Arend Kapteyn, UBS’s global head of economics and strategy research, set out the numbers in a client note, writing, "Base case, we see the S & P 500 rising to 7,500 in '26 driven by ~14% earnings growth, nearly half of that from Tech," He added that the global economy should expand in 2026, although near term conditions will be weaker. Kapteyn warned of a "speed bump" over the next four to five months as tariffs raise U.S. prices and reduce export volumes, creating a temporary soft patch before growth reaccelerates.
Analysts at UBS expect the market to shift character later next year as momentum moves beyond a narrow set of megacap technology winners. The firm anticipates an "imminent broadening and strengthening of growth" beginning in the second quarter, which would widen gains into cyclical sectors that have lagged during the technology led rally. That potential rotation carries implications for portfolio positioning, as historically stretched valuations in a few large names could give way to earnings led gains across a broader swath of the market.
Market reactions to the mix of high valuations and tariff risks have been uneven. The artificial intelligence trade came under pressure in the last week, yet certain technology related names posted sharp rebounds, with Palantir Technologies rallying more than 4 percent and 7 percent respectively in recent sessions. Semiconductor names and enterprise software companies such as Broadcom and Oracle also saw intraday uplifts as investors rotated into select winners.
UBS’s call rests heavily on corporate earnings growth returning to a stronger trajectory. If technology firms deliver the outsized profit gains the bank expects, market capitalization will be driven higher even if price to earnings multiples cool modestly. The firm’s scenario implies nearly 12 percent upside from current levels, an outcome that would mark a notable extension of the decade long market advance led by innovation and productivity gains in computing and software.
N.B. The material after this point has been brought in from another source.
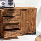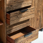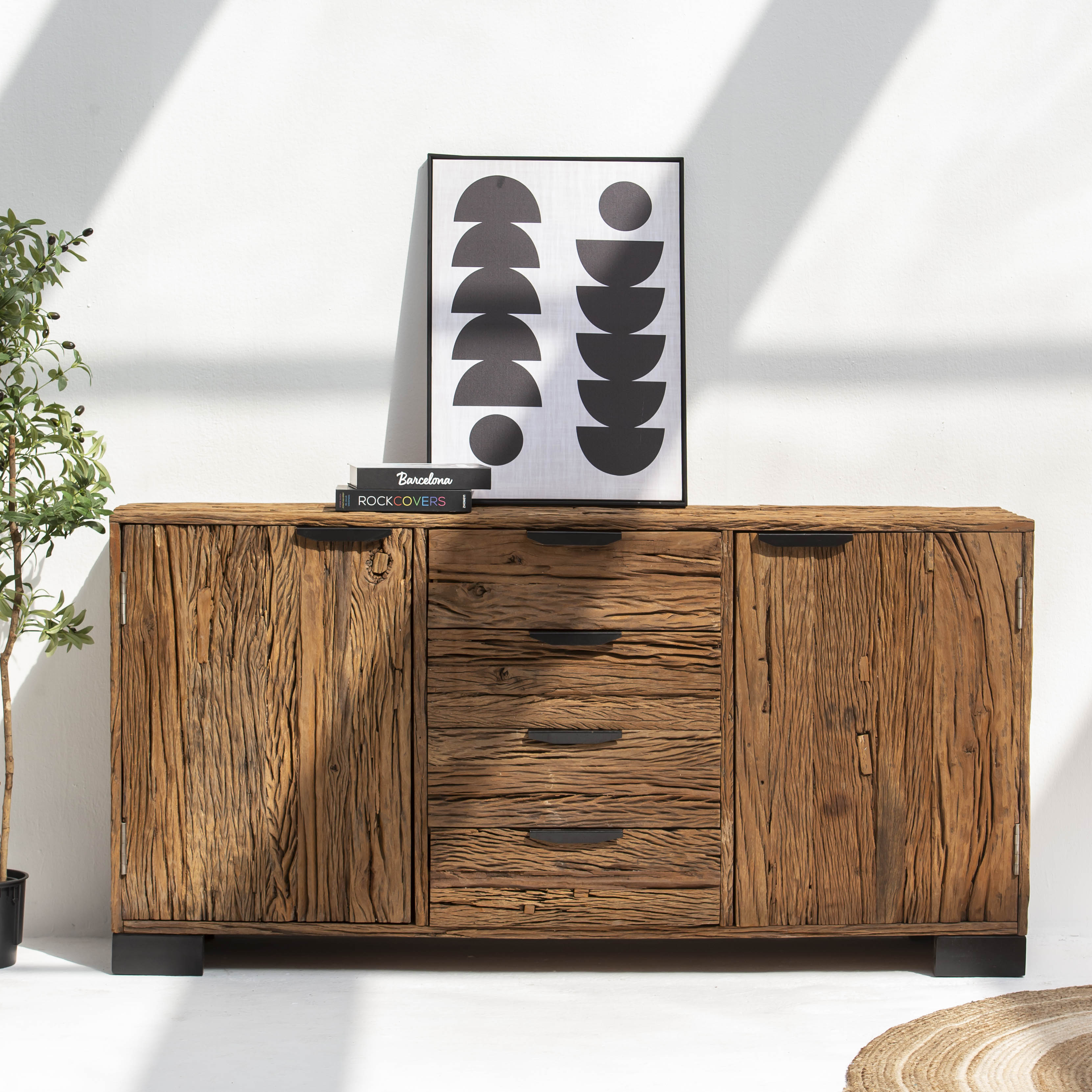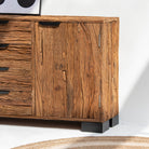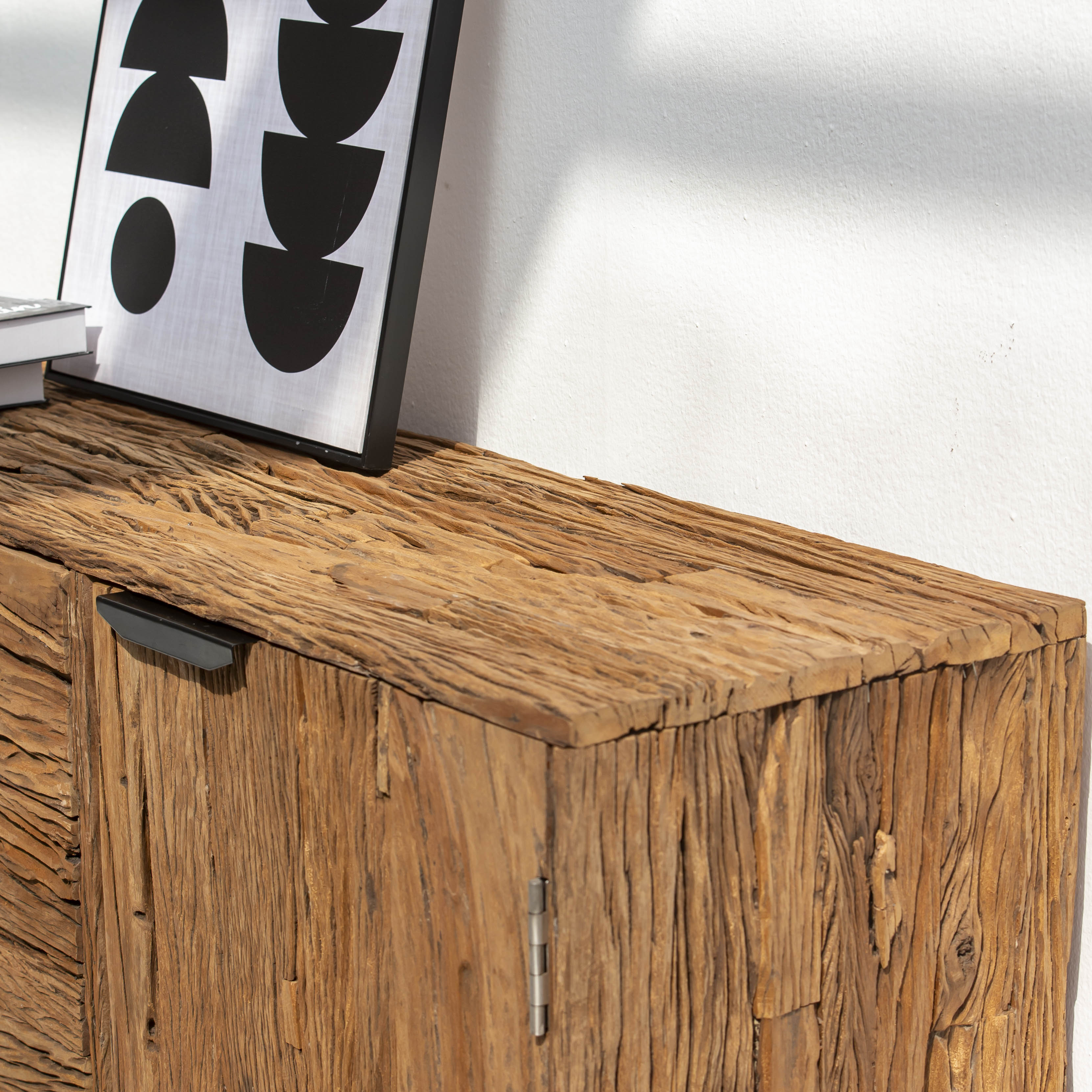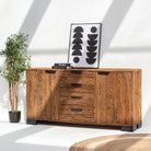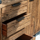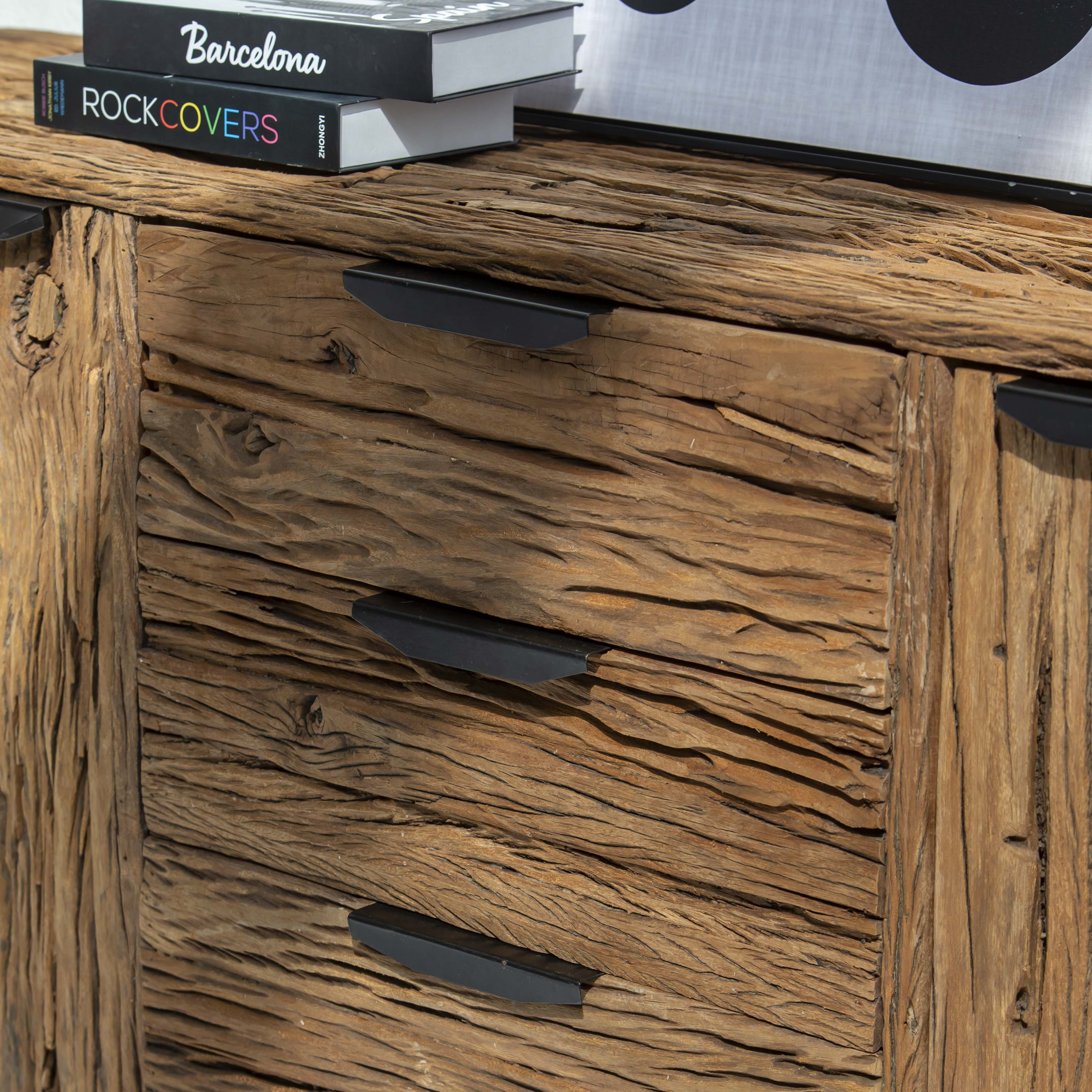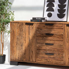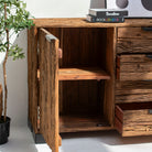 Crafted from reclaimed railway wood, this distinctive sideboard brings industrial heritage into your home. Each piece tells a story through its weathered grain and authentic patina, showcasing the character of its storied past. Featuring sturdy construction and ample storage, it serves as both a functional centerpiece and a conversation starter. Perfect for those who appreciate the marriage of history and design, this sideboard adds warmth and personality to any room while honoring the craftsmanship of a bygone era.

Policymakers will be a wildcard. Tariff measures that tighten domestic price pressures could force central banks to weigh inflation risks more carefully, complicating the near term outlook. For investors, the message from UBS is procedural: prepare for short run volatility as policy and price transmission play out, and for a potential broadening of gains later in the year as earnings momentum spreads beyond a small number of headline tech names.